My grandmother is dying.  It has been coming for a while.  She was put into memory care eight years ago with Alzheimer's, and three years ago suffered a subarachnoid hemorrhage that we didn't think she would survive.  But she did.  She's a stubborn old gal.  It's where we get it. 

Some time Friday night, she suffered a massive right sided stroke, that has left her with left hemipareisis and unable to clear her own oral secretions, let alone take nutrition.  Her already murmured speech is now garbled and unitelligible.  She communicates through hand signs.  I wonder what she really is saying to the staff, and my aunts and uncle. 

You see, I am not there.  She is in Minneapolis, the seat of the family tree.  I am in Portland, a long ways away.  By my own choice, mind you.  Minneapolis was never home to me, not for the lack of trying.  For too many reasons, ones I will not go into here, but may touch on.  It is too bad my other siblings didn't get to know her like I did.  We moved when they were little, like 2 and 4.  Does David know?  Did anyone tell him?

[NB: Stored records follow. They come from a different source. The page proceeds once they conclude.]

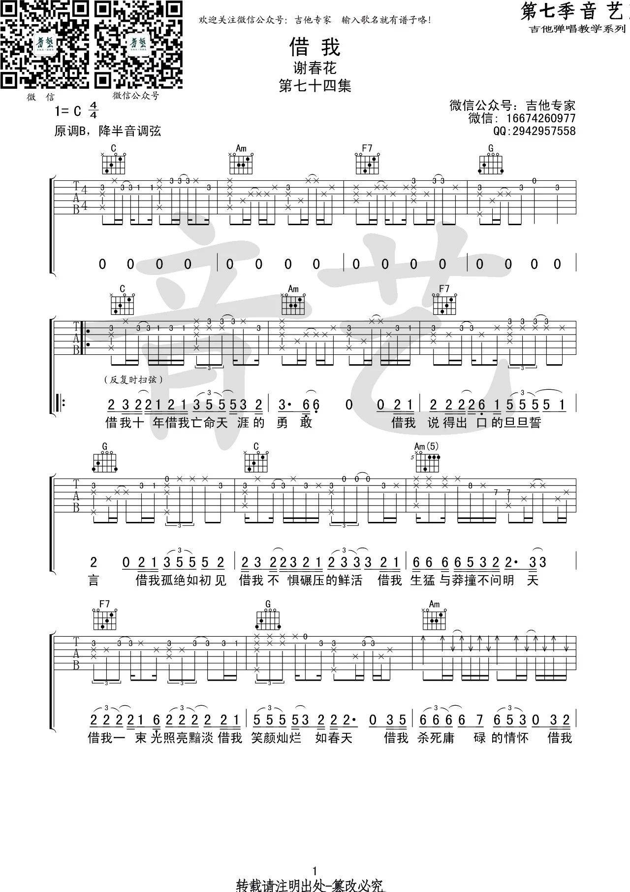 曲谱介绍: 谢春花《借我》吉他弹唱谱,采用C调指法编配,音艺吉他编配出品,共有3张高清图谱。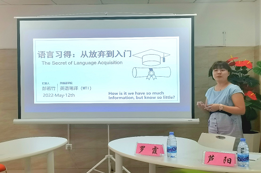 彭若竹以“語(yǔ)言習(xí)得:從放棄到入門(mén)”為主題分享了她的英語(yǔ)學(xué)習(xí)經(jīng)歷。從語(yǔ)言和語(yǔ)言學(xué)、語(yǔ)法的失敗、外語(yǔ)輸入假說(shuō)三個(gè)部分進(jìn)行展示,針對(duì)同學(xué)們普遍存在的語(yǔ)言習(xí)得困難問(wèn)題給出了解決辦法。她強(qiáng)調(diào),沒(méi)有一個(gè)人能夠通過(guò)技能培養(yǎng)獲得語(yǔ)言能力,學(xué)習(xí)語(yǔ)法并不能掌握一門(mén)語(yǔ)言。語(yǔ)法很重要,但并不是全部,外語(yǔ)輸入才是關(guān)鍵。只有當(dāng)習(xí)得者接觸到“可理解的語(yǔ)言輸入”,又能把注意力集中于對(duì)意義或?qū)π畔⒌睦斫舛皇菍?duì)形式的理解時(shí),才能產(chǎn)生習(xí)得。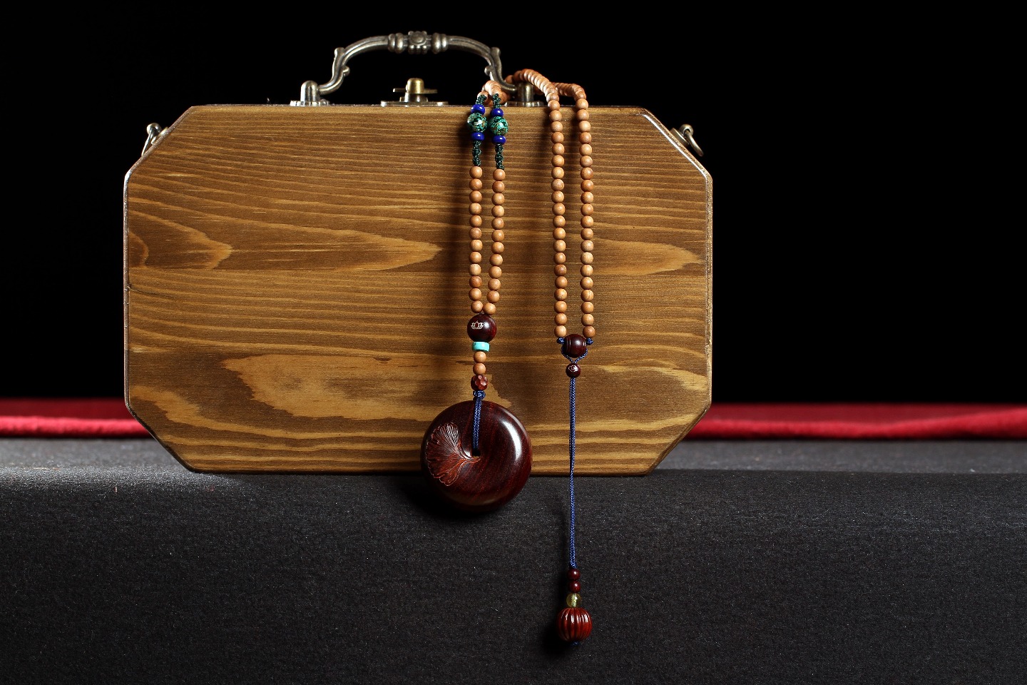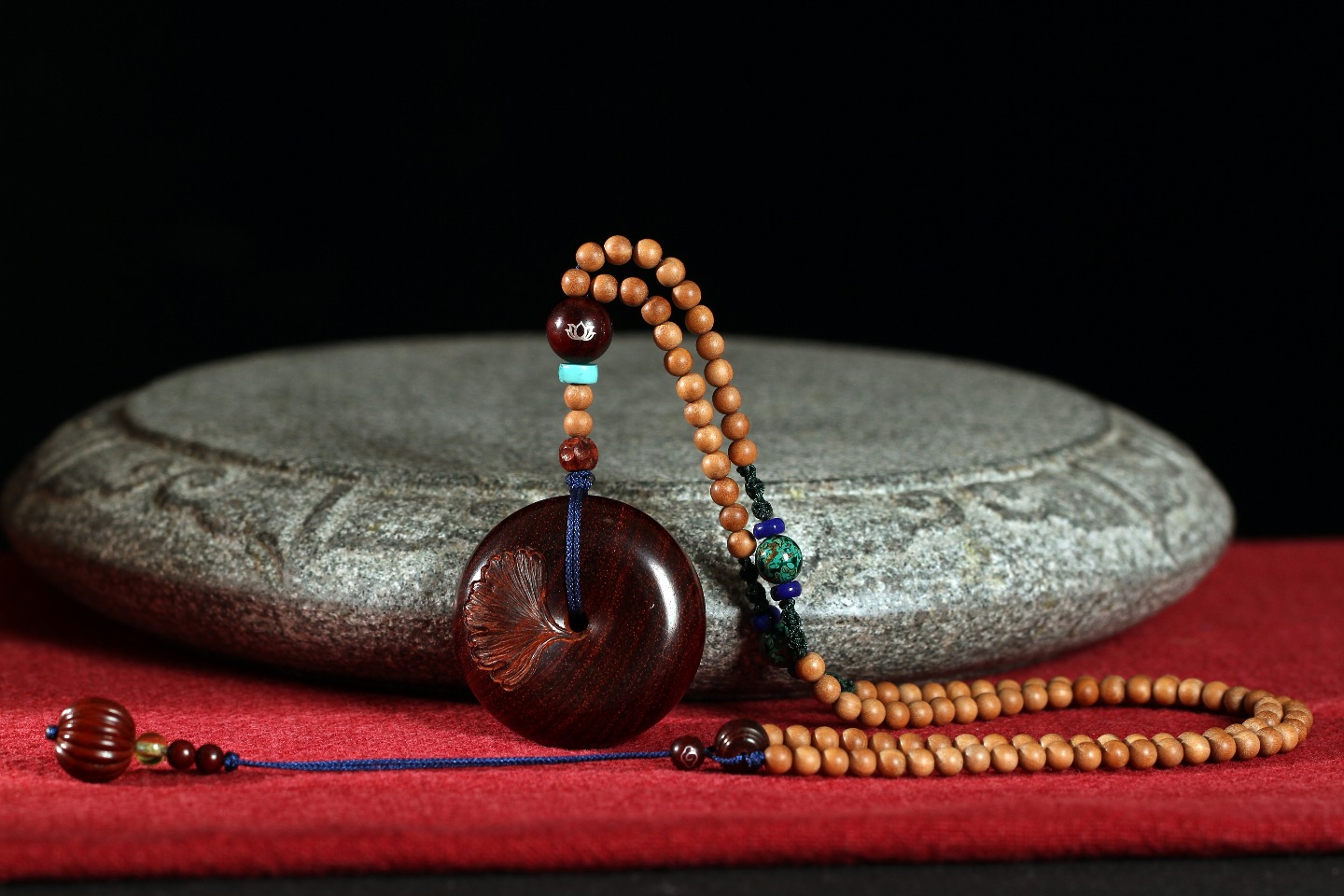 紫檀杏叶平安扣/大漆/天河石隔片/青金/紫檀嵌银莲花/紫檀鼓珠/紫檀镶银祥云/紫檀南瓜珠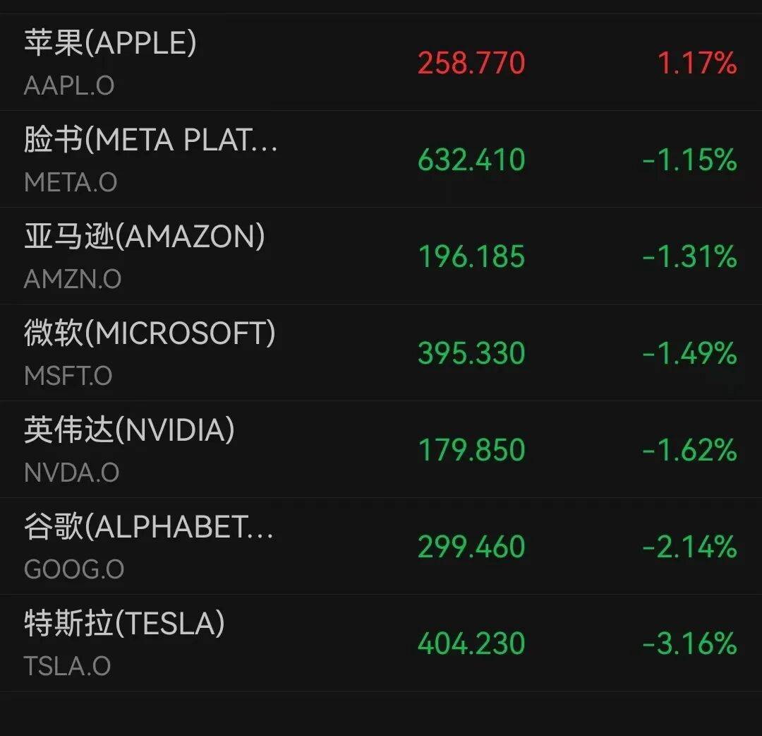 大型科技股普遍低开,特斯拉跌超3%,谷歌跌超2%,微软、英伟达跌超1.4%,苹果上涨1.17%,亚马逊下跌1.31%。截至上个交易日,今年以来科技七巨头全线下跌,科技七巨头指数年内累计下跌7.2%。
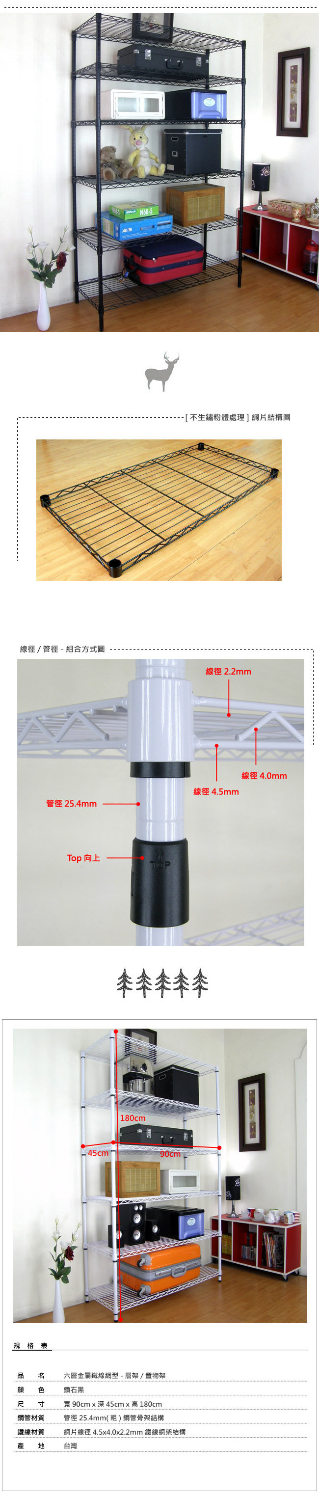 ◆商品品名:45Dx90Wx180H公分-六層金屬鐵線網架/置物架[不生鏽粉體處理]

Can I just be the first to say that anticipatory grieving sucks?  See, I watch other people do this.  I'm a nurse.  A cardiac nurse.  A night shift cardiac nurse.  I help other people to the door.  Watch over them and their loved ones in one of the most vulnerable moments of their existences.  Death.  The long exhale that does not come.  I hold hands, provide tissues, and words of what I hope is comfort in a time where no words can help.  I am learning, today, the importance of touch in these moments; how much a simple hug can do.  Oxytocin is a wonderful drug, and cannot seem to get enough.

We are waiting for her to die.  She is in hospice care, hopefully in a SNF, and out of the hospital.  She was fluid rescucitated at the hospital, so it will take a few days for her to leave.  Maybe three or four.  She is being kept comfortable.  I hope they are using scopalamine to dry up her oral secretions so she doesn't notice them.  I hope they are using ativan liberally, to stave off the panic.  But those of us who are not near are waiting, Aunt Hilary's posts to her CaringBridge journal our sole source of information.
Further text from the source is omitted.